Damrau is brilliant as the “Hungarian countess”.  Her singing is splendid; including of course the Csárdás, and she’s really very funny.  Watts creates a suitably mad atmosphere and Winkler is more in evidence as the puppet-master.  It really does deserve the label “Dionysian” and that’s reinforced by a very frenzied version of the interpolated Unter Donner und Blitz polka; a holdover from the Schenk/Kleiber version.  Jurowski gets some really pacey but tightly controlled playing from the orchestra and the chorus is splendid.

And so to Act 3.  Here the set has switched to a maze of skeletal gantries and stairways.  There’s the usual interpolated stuff for Frosch (there are actually six of them but only Max Pollak gets to do a comedy routine).  He’s a percussive dancer (something of a star in that world apparently) so we get several minutes of tap cheek slapping along with encouraging the audience to join in; clapping along etc.  I think I’d need a fair bit of Act 2’s champagne to find this amusing.  And then Frank appears in high heels, jewelled panties and pasties and proceeds to rummage around for his keys in his penis pouch.  Then he cleans his teeth so that he’s literally foaming at the mouth.  All this is spot lit and really rather revolting.

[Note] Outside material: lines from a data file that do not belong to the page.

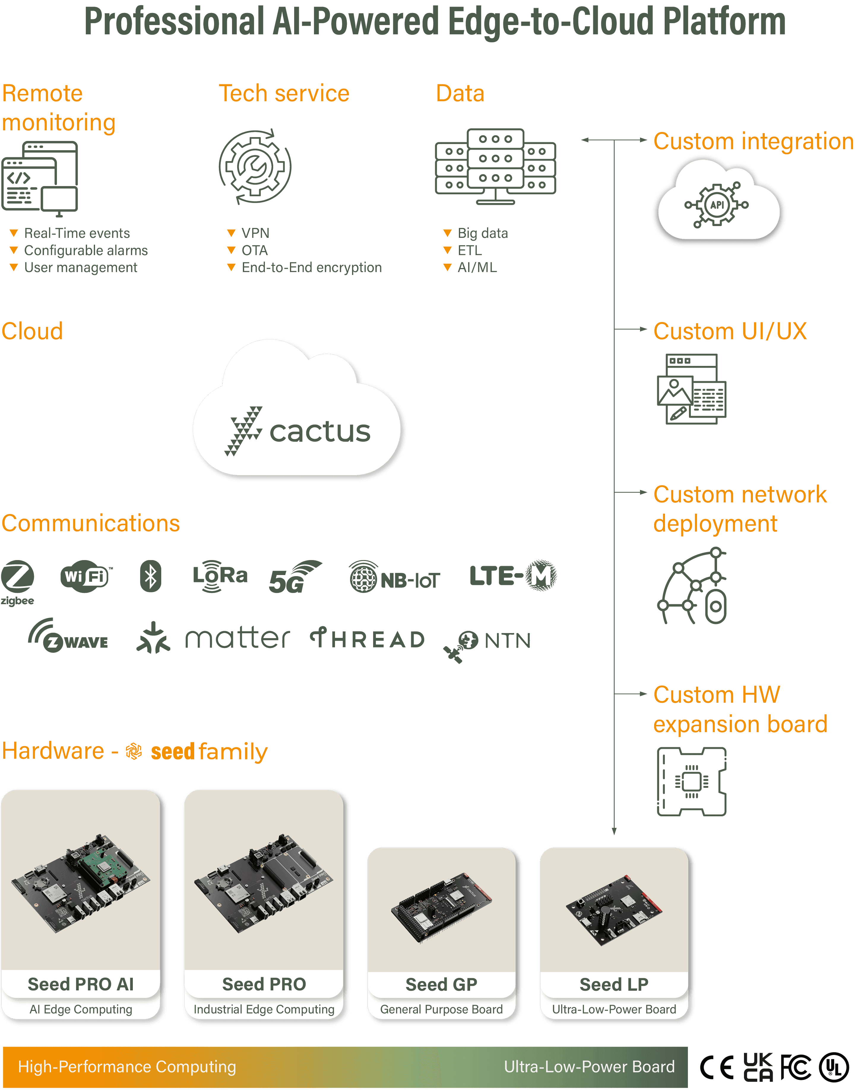 Cactus link is an innovative edge-to-cloud IoT platform designed for professional applications, seamlessly connecting IoT devices with cloud systems. With its modular architecture, it offers unparalleled flexibility, enabling users to customize and scale solutions across industries like smart cities, healthcare, and energy management in homes and buildings, all while ensuring top-tier security, real-time data processing, and CE-certified reliability.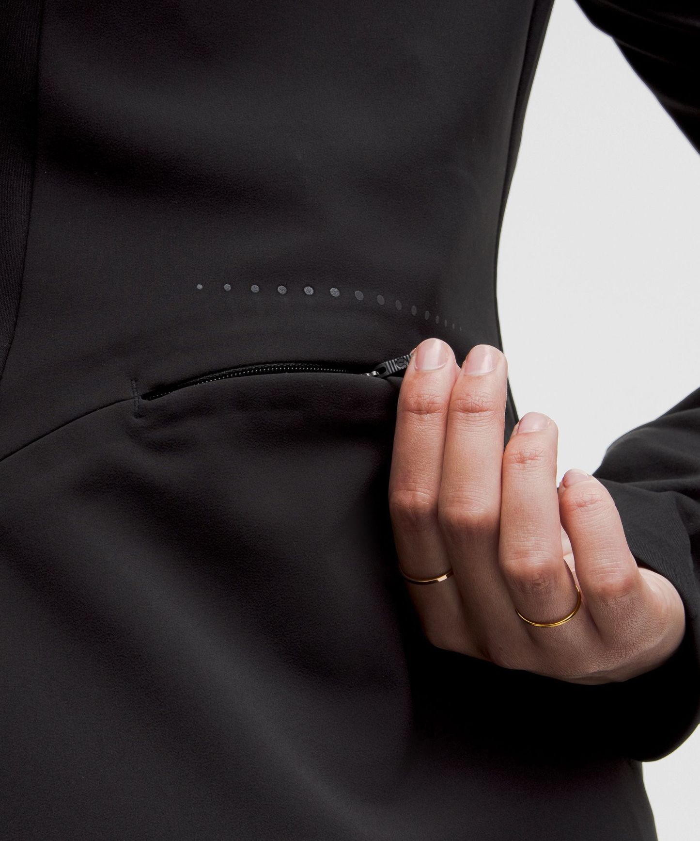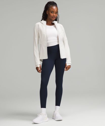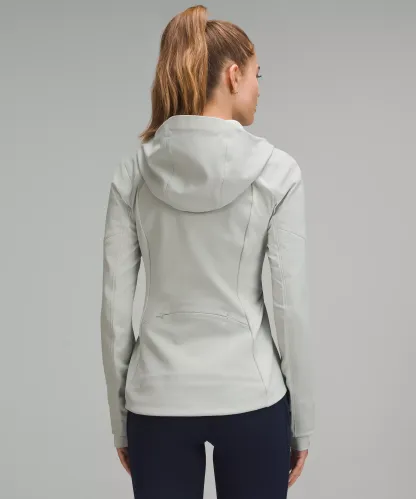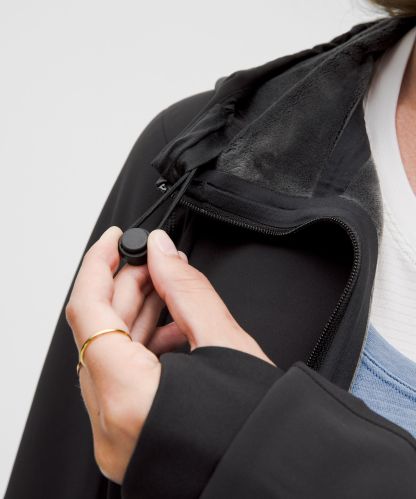 Four-way stretch, water-repellent tech fleece fabric is brushed for warmth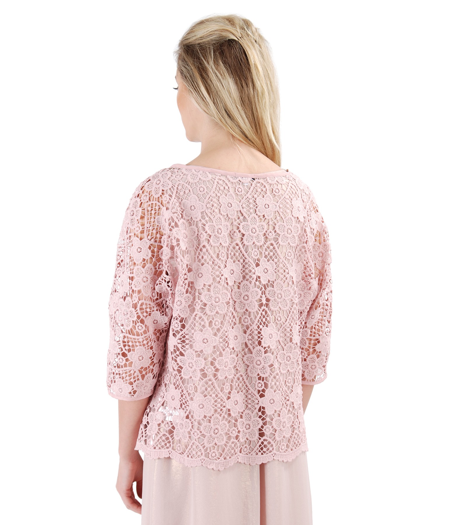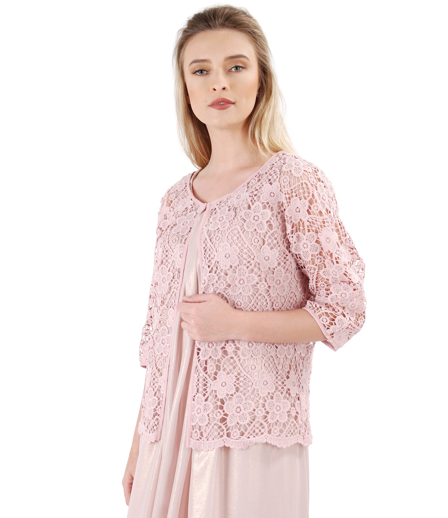 Bolero din dantela cu cu motive florale (Roz), marimea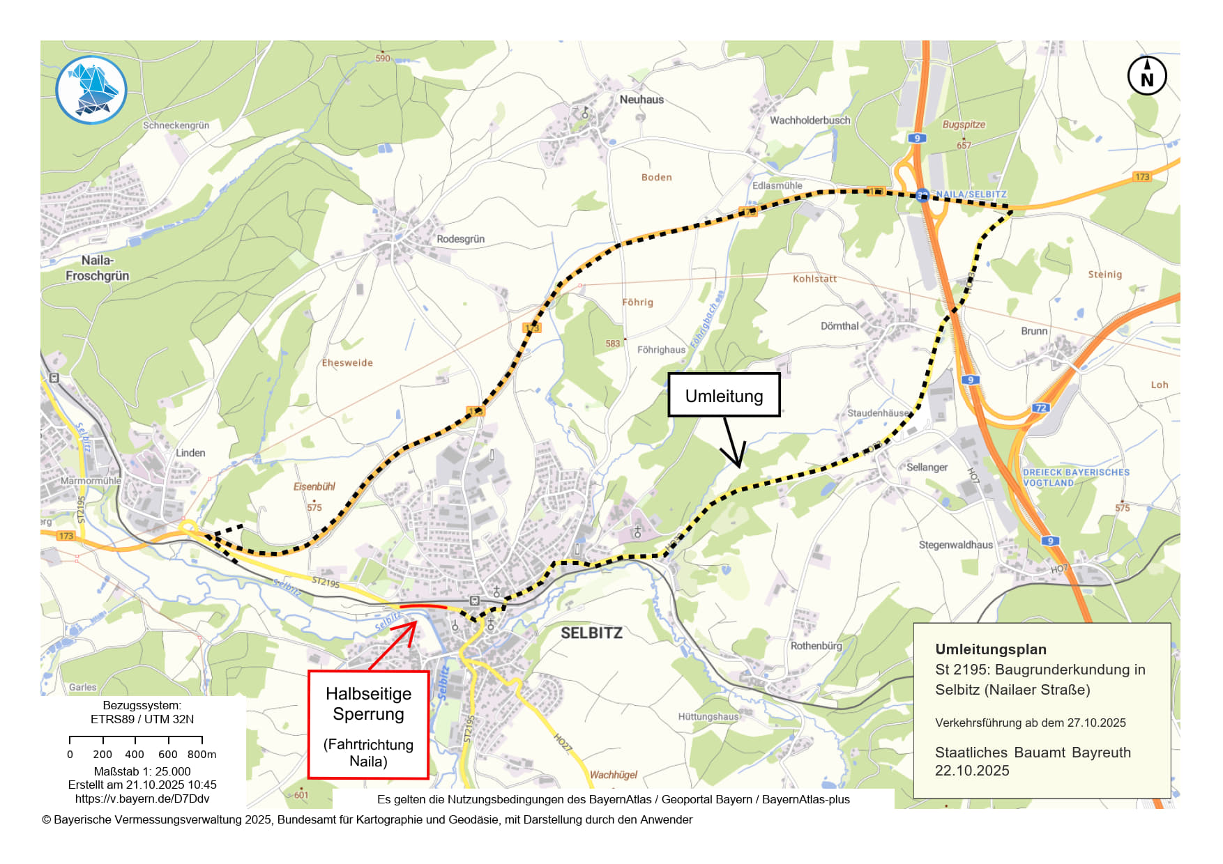 Um die erforderlichen Arbeiten sicher durchführen zu können, ist vom 27. Oktober bis voraussichtlich zum 14. November 2025 eine halbseitige Sperrung eines Abschnitts der Nailaer Straße (St 2195) in Selbitz notwendig.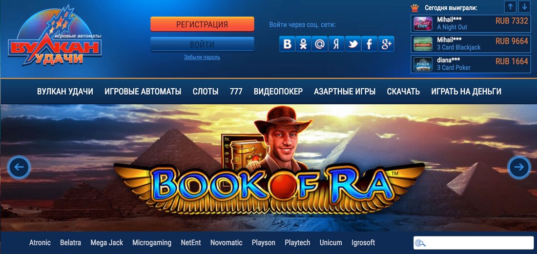 Официальный клуб Вулкан Удачи представляет лицензионный игровой софт таких производителей: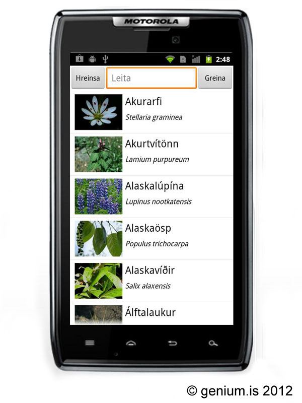 Við þróun og smíði hugbúnaðarins var leitað í plöntusafn Náttúrufræðistofnunar Íslands, leitað var eftir sérkennum hverrar plöntu, þau skráð og flokkuð niður. Einkenni ólíkra plantna voru borin saman og auðkenni tegunda þannig dregin fram. Niðurstaðan er einfalt viðmót þar sem notandinn sjálfur velur einkenni sem hann kýs að greina plöntuna eftir. Hægt er að greina eftir fjölda krónublaða, lit, blaðröndum stöðu á stöngli, stönglinum sjálfum, hæringu hans, laufblöðum og svo mætti lengi telja. Hörður Kristinsson grasafræðingur hjá Náttúrufræðistofnun Íslands lagði til allan texta í lýsingar, ljósmyndir og grunn í útbreiðslukortin, einnig þau greiningaratriði sem notuð eru í lyklinum. Sara Riel listamaður teiknaði allar skýringarmyndir.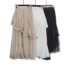 春季层次荷叶边半身裙女蓬蓬裙长裙不规则裙摆蛋糕裙纱裙B198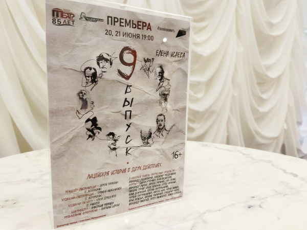 По жанру, «Девятый выпуск" – драма взросления. Это история о первом Поступке и о том, что за ним может последовать. На афише указано «16+», но можно свободно ставить «12+» - один поцелуй да пара шуток про гормональный фон. С этой постановки начнётся 86-й сезон. К семейному просмотру рекомендуется.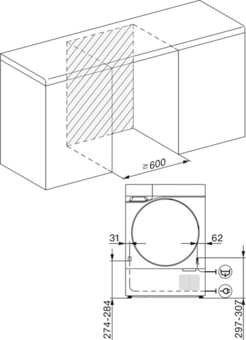 - Profondeur avec hublot fermé, débord arrière compris : 64.3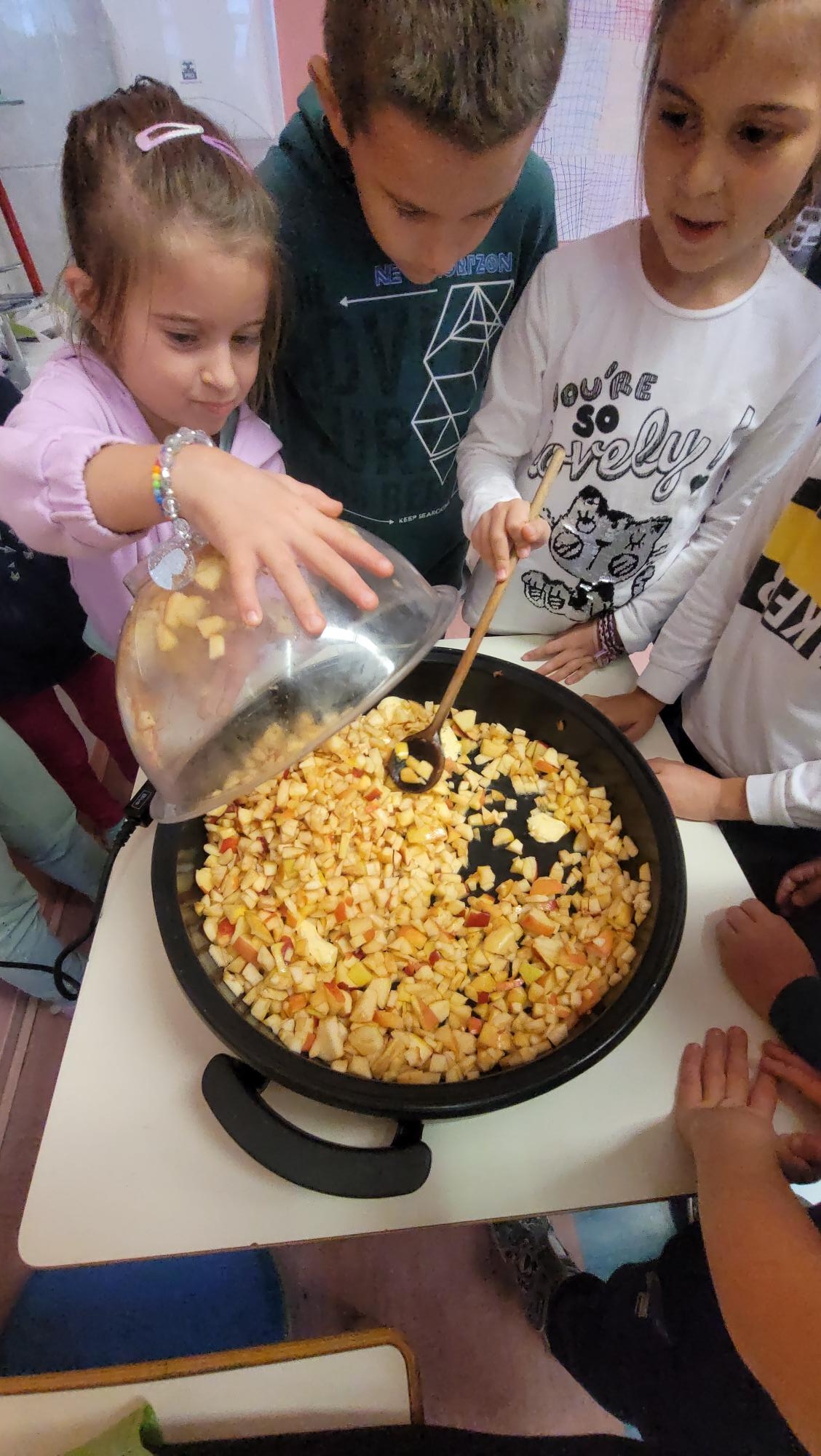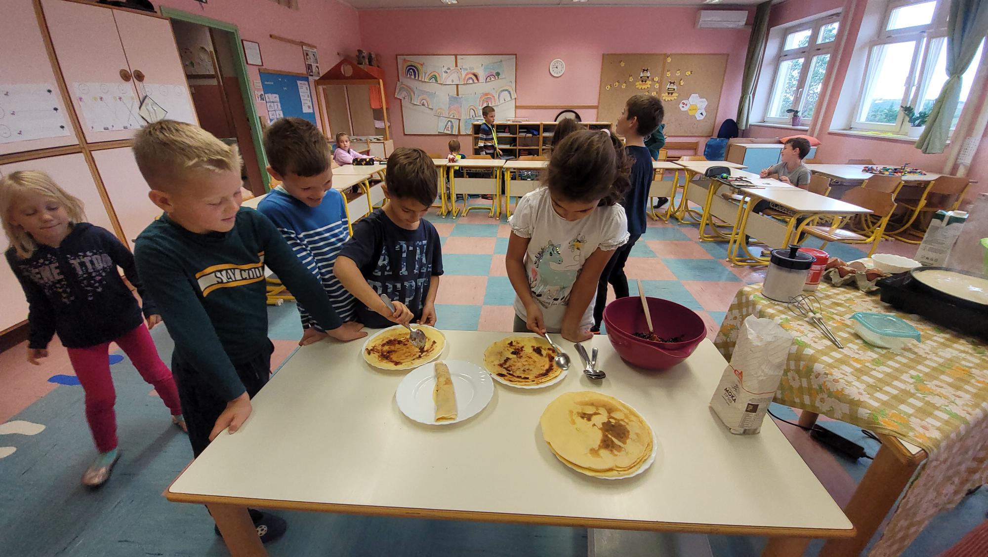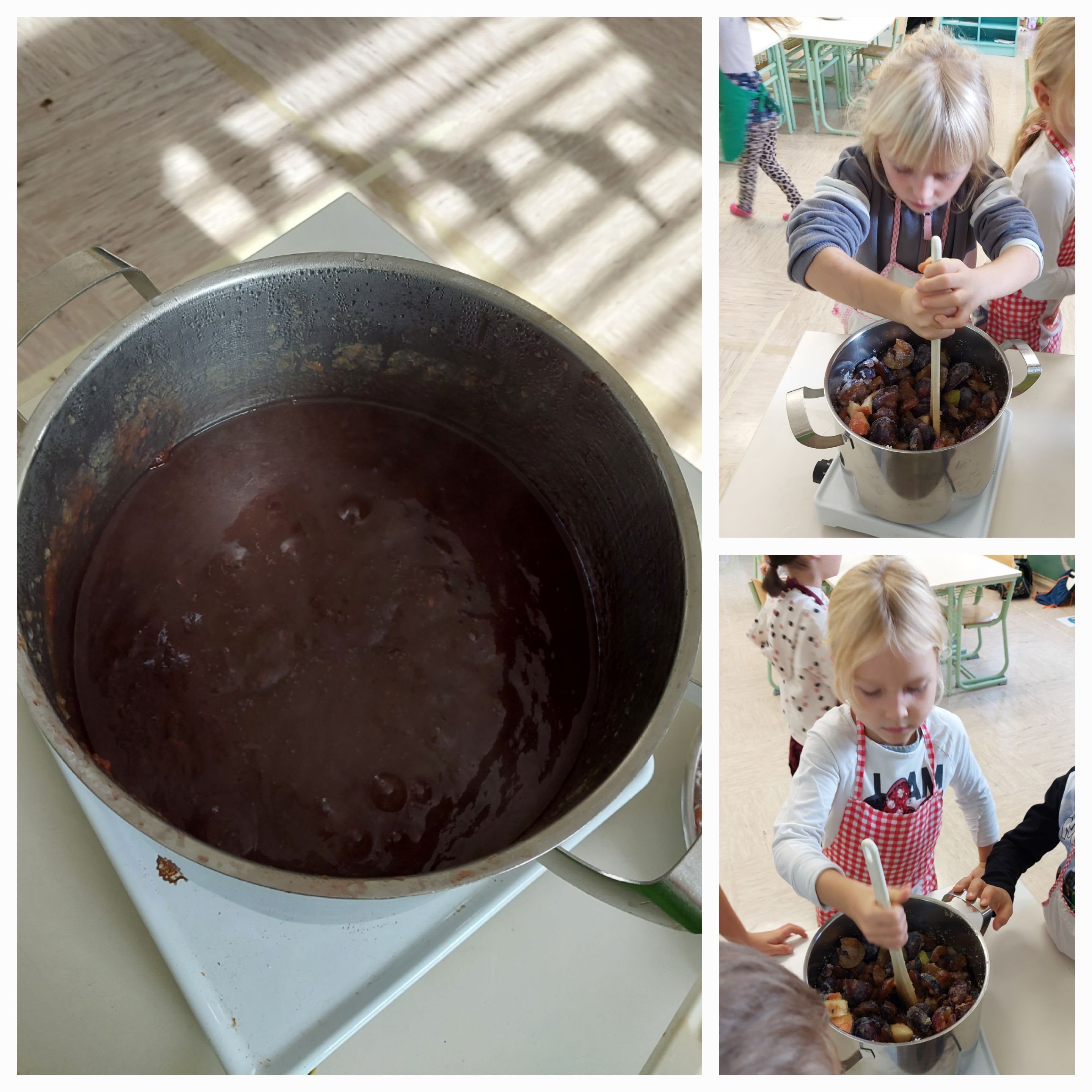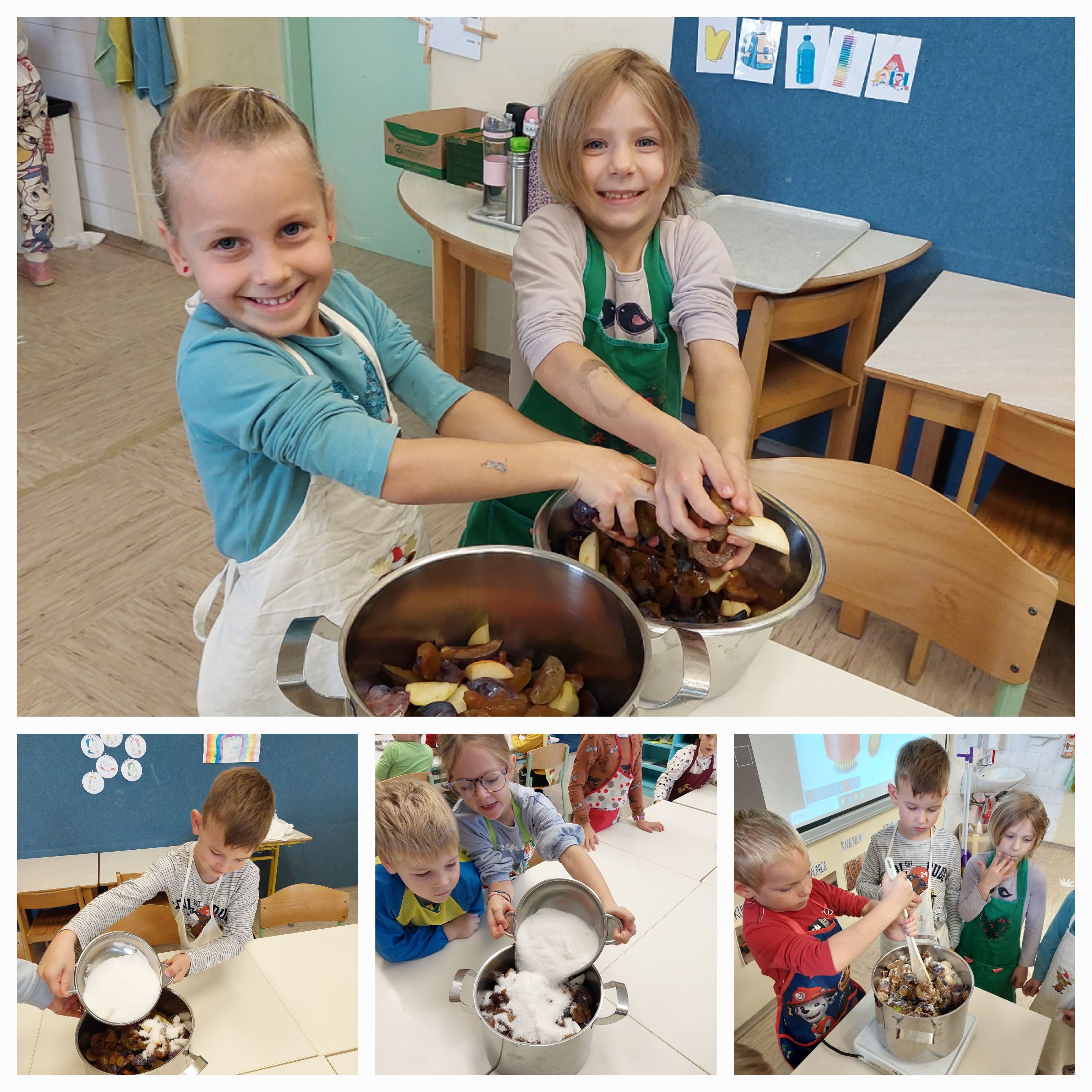 Tik pred jesenskimi počitnicami smo prvošolci zavihali rokave in si nadeli predpasnike ter pripravili slivovo marmelado in jabolčno čežano. Zjutraj smo pohiteli, razkoščičili slive, jih razrezali in dali v lonec. Nadaljevali smo z rezanjem jabolk, dodali smo še sladkor ter cimet in en, dva, tri - že diši! Res je prijetno dišalo iz naših učilnic. Ker pa vemo, da je na naši šoli veliko nadobudnih kuharjev, smo jih povabilii k sodelovanju. Nik, Gaja, Nej in Nina so za nas pripravili maso za palačinke in jih tudi spekli. Prvošolci smo pozorno in vztrajno opazovali ter priskočili na pomoč pri mazanju le-teh z našo marmelado. Med pripravo omenjenih dobrot smo se naučili pesmico Marmelada in na koncu dneva naredili še mini plakate. Aja, pozabili smo omeniti, da smo vse palačinke pojedli. In še prste obliznili.

It gets better though when Ida and Adele arrive and Neumaier reveals herself to be rather athletic while Konradi puts on a coloratura display of real quality.  The denouement is nicely staged and acted and Damrau, Pannikar and Nigle do a really good job with the Terzett.  Watts closes things out very effectively in a rather striking dress.

Basically I really like the production apart from the first few minutes of Act 3 which seem to pass for humour in Bavaria.  It does what Kosky and Jurowski say they are trying to do.  It’s fast paced, wild, Dionysian, colourful and stomps all over bourgeois norms.  It also makes excellent use of dance; terrific dancers choreographed by Otto Pichler.  The performances, especially, Damrau and Konradi, are really very good.

Video direction is by Myriam Hoyer and it’s OK.  I did feel there were too many closeups during the “crowd scenes” in Act 2 and something was clearly missing in Act 1.  I watched on DVD (Blu-ray is available) and picture and both stereo and surround sound tracks are fine.  Besides the interview already mentioned there’s a synopsis and track listing in the booklet.  Subtitle options are German, English, French, Korean and Japanese.

This is an interesting and worthwhile disk but I still think I prefer Stephen Lawless’ Glyndebourne version, also conducted by Jurowski.